Linux master-01 4.18.0-372.19.1.495.po1.x86_64 #1 SMP Fri Mar 1 03:15:24 UTC 2024 x86_64 x86_64 x86_64 GNU/Linux
twotwo7 commented 5 months ago

informers start but not call shutdown? func (c *ListerInformer) StartAndWaitForCacheSync(ctx context.Context) bool {

call c.KubeFactory.Shutdown() directly?

twotwo7 commented 5 months ago

Please help me! Thank you~! @tao12345666333 @AlinsRan @Revolyssup

Revolyssup commented 4 months ago

@twotwo7 Thanks for reporting.

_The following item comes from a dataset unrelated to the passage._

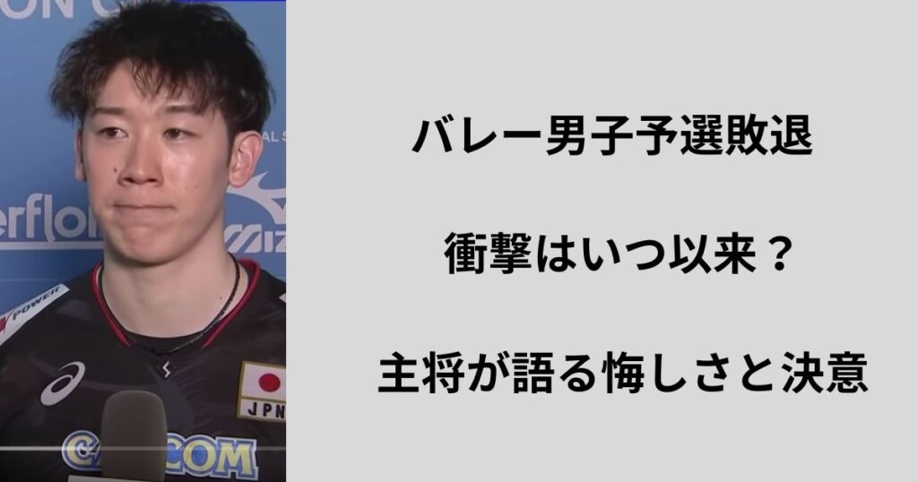 バレーボール男子日本代表が、2025年世界選手権の予選で敗退するという衝撃的な結果となりました。 今回の予選敗退は、実に7年ぶりの出来事です。 日本代表の主将である石川祐希選手が語った悔しさと決意の言葉に、多くのファンが注目しています。 この記... -

I will take a look at it today.

twotwo7 commented 4 months ago

@twotwo7 Thanks for reporting. I will take a look at it today.

Thank you very much for your response and assistance. May I inquire about the current progress? It appears to be a stable and reproducible memory leak issue. The leak seems to occur each time APISIX is restarted, possibly due to the reinitialization of the informer within the APISIX-ingress-controller, and the subsequent list & watch operations.

@Revolyssup

github-actions[bot] commented 1 month ago

This issue has been marked as stale due to 90 days of inactivity. It will be closed in 30 days if no further activity occurs. If this issue is still relevant, please simply write any comment. Even if closed, you can still revive the issue at any time or discuss it on the dev@apisix.apache.org list. Thank you for your contributions.

github-actions[bot] commented 3 weeks ago

This issue has been closed due to lack of activity. If you think that is incorrect, or the issue requires additional review, you can revive the issue at any time.